Le rôles des pays riches est d'aider les pays en voie de développement à devenir les acteurs d’un nouvel équilibre entre les hémisphères. Certes, c’est loin d’être facile en l’état actuel de la spécialisation internationale. Mais c’est toute l’histoire du développement que de faire évoluer les spécialisations. Il ne s'agit pas de rigidifier les flux commerciaux, mais qui peut sincèrement croire que libre-échange résoudra les maux du Sud ? Le Nord et le Sud doivent gérer de concert l’ouverture de ce dernier au commerce mondial. Il faut des investissements en infrastructures. Il en faut dans les technologies, notamment dans leur mise au normes, pour réduire la fracture numérique entre le Nord et le Sud. Il faut des investissements dans la formation professionnelle. Il en faut dans les politiques sociales. Une attention particulière doit être accordée à celles et ceux qui ne bénéficient pas des courants d’échanges existants. Et puis, surtout, il faut des accords régionaux et non plus des accords bilatéraux. C’est un immense chantier.
 
 
 
8 propositions pour commencer:
 
La logique de prêt et de dons n’est pas suffisante. Elle est même dépassée. Si nous voulons moderniser notre approche, nous devons :
 
 
-      Nous doter d’une grande Agence pour le Développement Partagé. Si possible au niveau européen.
 
-      Inscrire l’aide au développement dans une stratégie de croissance. Cette aide doit tenir compte de la préservation des biens publics mondiaux, comme la biodiversité et le climat.

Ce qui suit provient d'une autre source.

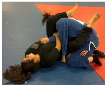
BRAZILIAN JIU JITSU

AND OUR BRAND NEW SUNDAY MORNING YOGA CLASS!
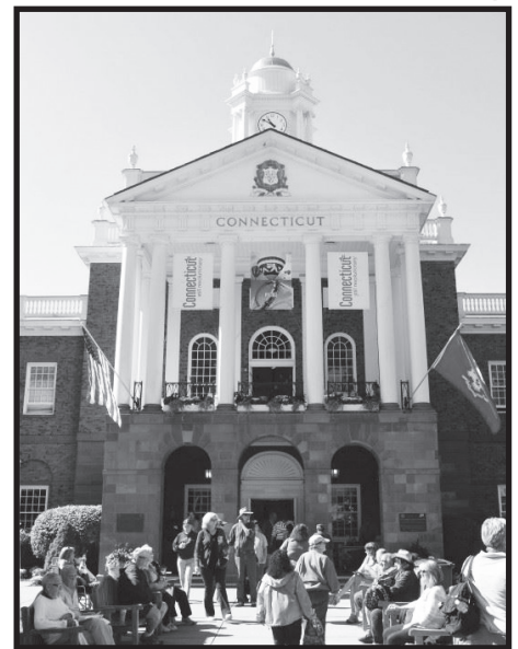
The Connecticut Building

One of the most enduring and beloved examples of New England regionalism is the annual Eastern States Exposition fair, colloquially known as "The Big E." Whereas most other states in the U.S. feature their own state fairs in the summer or fall seasons, the Big E represents all six New England states in one giant, multi-week event that ranks among America's largest annual fairs, both in size and attendance. First held in 1916, the Eastern States Exposition began as a showcase of agricultural innovation with the hopes of encouraging young people to work in farm-related careers. Today, over 100 years later,
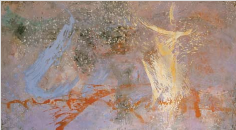
PDF1 Here and Now Meets Destiny 6' 9" x 3' 9" Acrylic on canvas
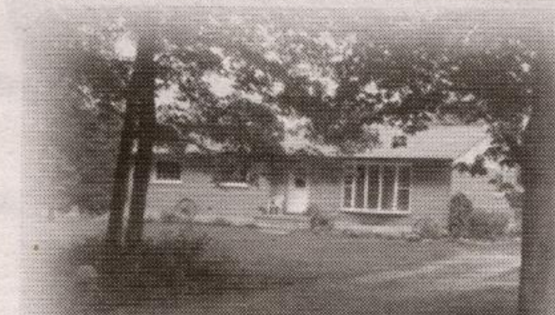
Country Living $300,000

We are working with the producers of the television show "Take This House and Sell It" to help find engaging, outspoken home owners in our area who are having problems SELLING their homes. If chosen, the designers will makeover 3 rooms and the front exterior of your house. Give us a call for more information and to find out if you qualify for this incredible opportunity!
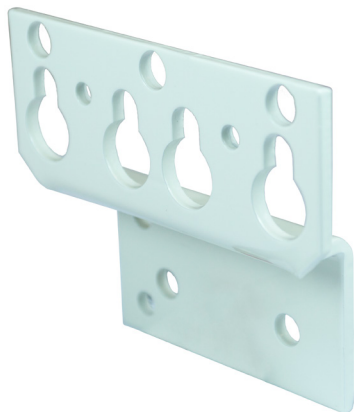
Bracket to accept 12A1 and 12A2 type cable clamps on LGX, OSEC, and ARM style enclosures (P/N: SRE-W)
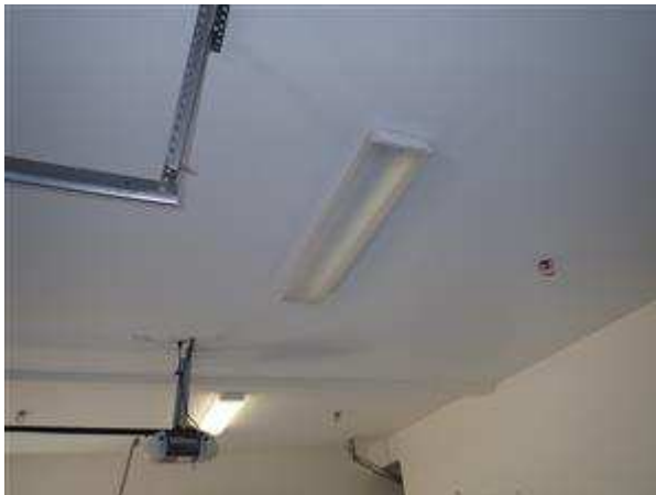
9.2 Picture 3

(2) One of the garage light fixtures did not operate. Recommend changing the bulbs and testing to determine if further corrective action is necessary.

Elle doit aussi permettre de lutter contre les pandémies.
 
-      Rehausser l'aide publique au développement (ADP) de la France pour atteindre 0,7 % du RNB, conformément à nos engagements.
 
-      Reconnaître comme un préalable l'annulation de la dette publique extérieure de certains pays.
 
-      Dépasser le cadre des seules relations inter-étatiques et ouvrir le cercle des partenaires.
 
-      Soutenir l'émergence d'une véritable Union Africaine en privilégiant les accords régionaux au détriment des accords bilatéraux et en réservant une partie des fonds d’aide au développement aux projets régionaux.
 
-      Multiplier les créations d'institutions internationales, universitaires notamment, basées dans les pays du Sud et cofinancées par ses pays.
 
-      Concentrer tous les moyens dans un nombre limité d'organismes et créer une agence non gouvernementale chargé d'établir la hiérarchie des besoins en médicaments.